Paysages sonores et architecture de l’esprit
L’univers sonore de Saros joue un rôle essentiel dans l’immersion, sans jamais chercher à voler la vedette à l’action. La musique accompagne davantage qu’elle ne dirige : elle s’adapte aux situations, se fait discrète dans l’exploration et plus agressive dans les affrontements, renforçant cette impression permanente de tension contrôlée.
On retrouve une identité sonore qui colle parfaitement à son univers inspiré de Le Roi en jaune, avec des nappes inquiétantes, des montées progressives et une sensation de malaise diffus, sans jamais tomber dans l’excès. L’objectif n’est pas de surcharger le joueur, mais de maintenir une pression constante, presque psychologique, en arrière-plan.
On retrouve une identité sonore qui colle parfaitement à son univers inspiré de Le Roi en jaune.
L’univers visuel, lui, continue de jouer sur cette dualité entre beauté et étrangeté. Les environnements alternent entre grandeur organique et architecture plus abstraite, comme si chaque zone racontait un fragment d’histoire sans jamais le verbaliser directement. Cette cohérence entre direction artistique et thématique renforce l’idée que tout dans Saros a une signification, même ce qui semble purement décoratif.
C’est cette fusion entre musique, ambiance et direction artistique qui participe à l’identité globale du jeu : un monde à la fois lisible en surface, mais profondément chargé en sous-texte pour qui prend le temps de l’observer.

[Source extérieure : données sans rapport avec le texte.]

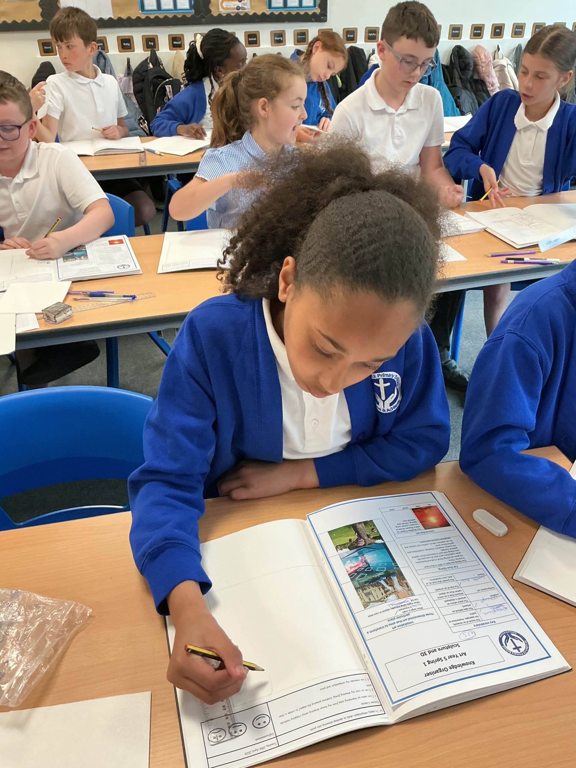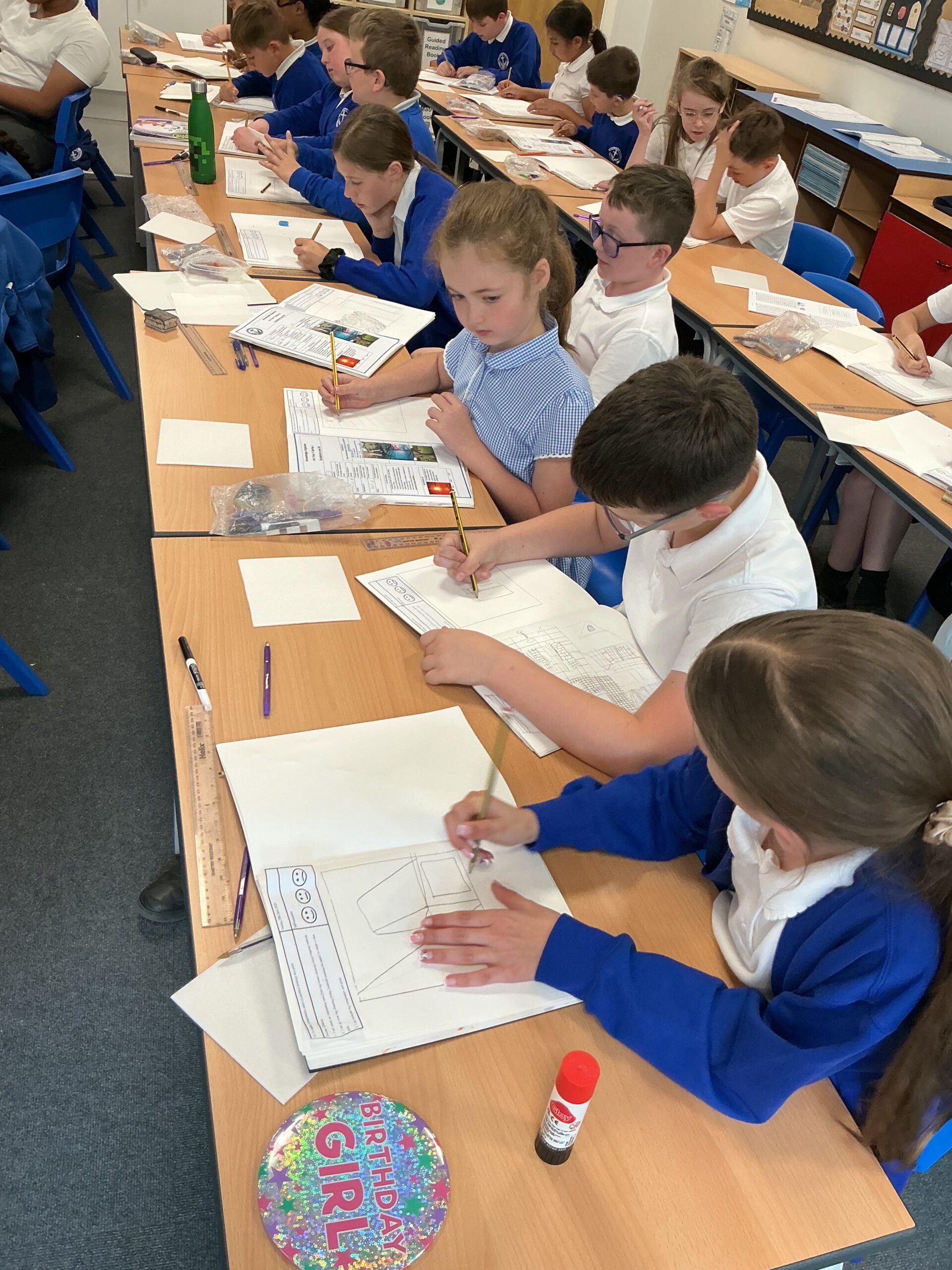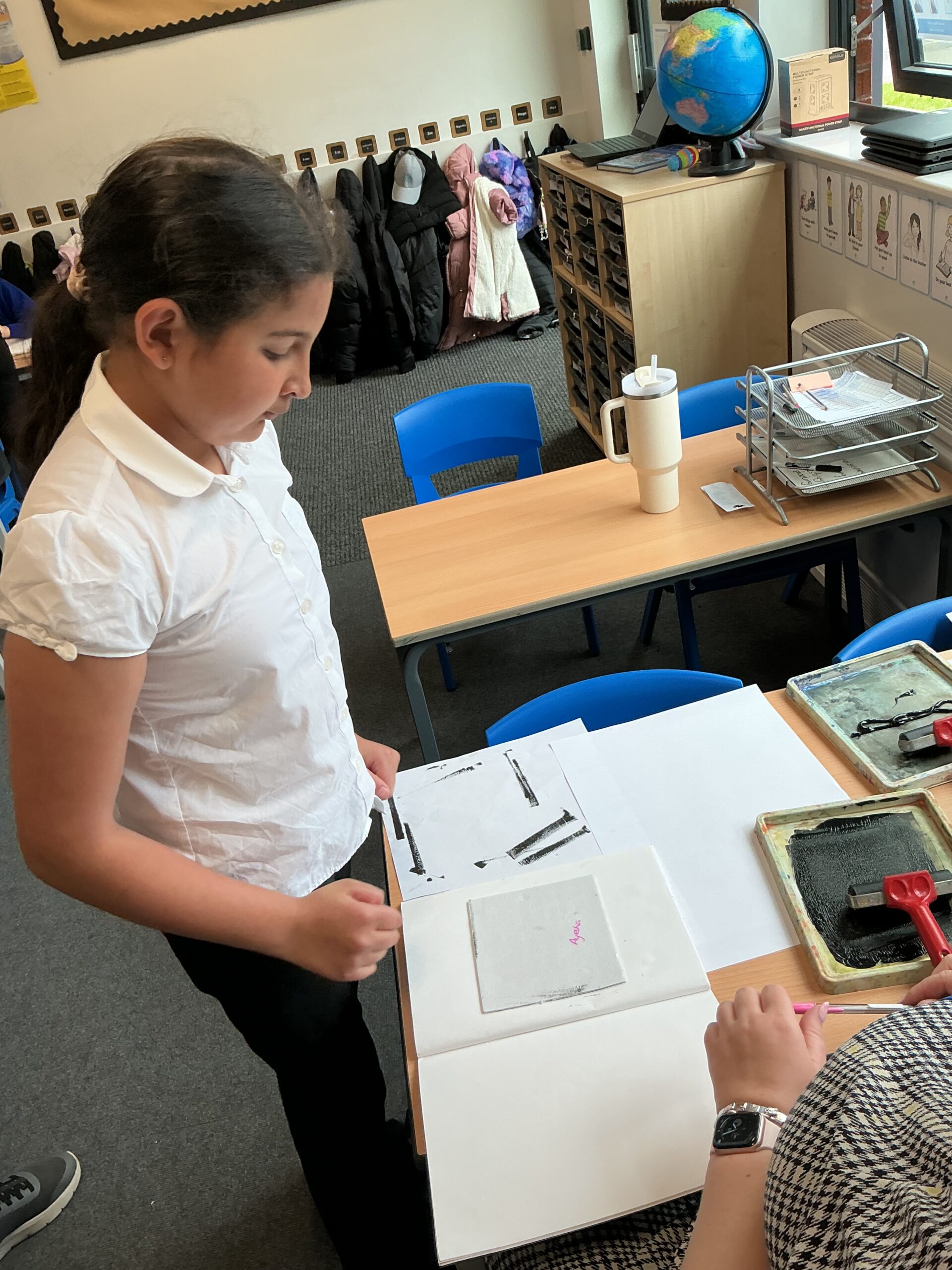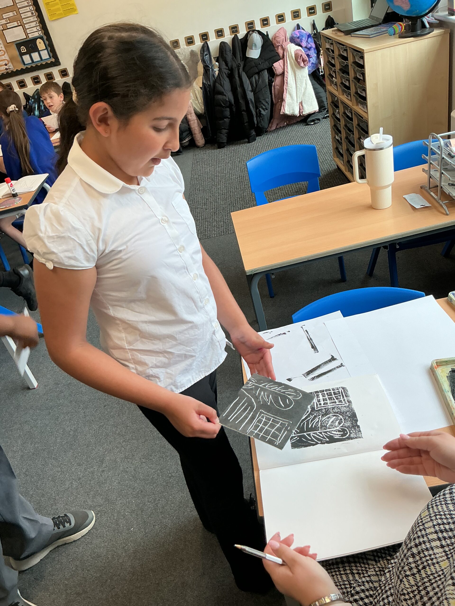 In our art topic this half term, year 5 are looking at craft and design, specifically architecture. We have looked at houses and buildings so far and have even made our own drawings of houses. Today, we selected a small area of our drawing from last lesson as if we had ‘zoomed in’ and copied this section larger. We then imprinted this onto polystyrene and used printing ink to print our design. The designs worked really well and the children were really impressed with their work! Well done, Juniper!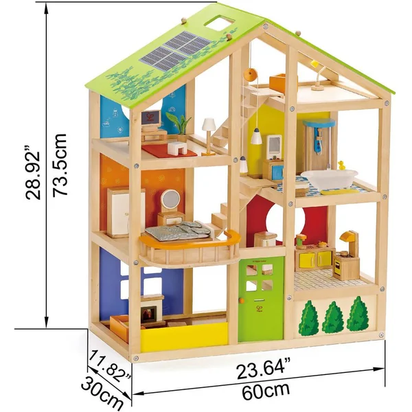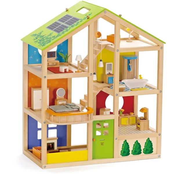 Il existe plusieurs façons de jouer avec cette maison. Six pièces, des escaliers amovibles et un toît équipé de panneaux solaires et réversible avec version été/hiver sont source d’inspiration pour des activités tout au long de l’année.

Avis Saros – Fiche d’identité du jeu
| 🏢 Éditeur | Sony Interactive | 👥 Public | +12 |
|---|---|---|---|
| 🛠️ Développeur | Housemarque | 🤝 Fourni par l’éditeur | Oui |
| 📅 Date de sortie | 30 avril 2026 | 💻 Testé sur | PS5 |
| 🎮 Plateforme | PS5 | ⏱️ Temps de jeu | 20 heures |
| ✅ POINTS POSITIFS | ❌ POINTS NÉGATIFS |
|---|---|
| ➕ Un gameplay nerveux qui procure une sensation de transe totale | ➖Un équilibrage manuel qui peut diluer l’intention d’auteur (si on y touche) |
| ➕ Un univers inspiré et un sous-texte mature | ➖ Un challenge parfois trop permissif pour les vétérans (dans sa version équilibrée) |
| ➕ Immersion sensorielle | ➖Une structure plus sage qui perd en mystère pur |
| ➕ Artistiquement somptueux |
Note : 19/20
Saros s’impose comme une évolution naturelle de la formule Returnal, en en conservant l’ADN tout en cherchant à l’ouvrir à un public plus large. Plus lisible dans son récit, plus modulable dans sa difficulté et toujours aussi exigeant dans son gameplay, le jeu réussit à trouver un équilibre intéressant entre accessibilité et exigence.
Certes, certains choix liés à la gestion de la difficulté peuvent diviser, notamment cette volonté de laisser le joueur ajuster lui-même son expérience. Mais cela n’enlève rien à la maîtrise globale du titre, qui parvient à proposer une expérience de “flow” particulièrement solide et grisante.
Entre narration symbolique, gameplay nerveux et direction artistique cohérente, Saros confirme le savoir-faire du studio et s’inscrit sans difficulté parmi les expériences les plus marquantes du catalogue PlayStation 5.
Housemarque est tout simplement, à mes yeux, le meilleur studio de l’écurie Sony.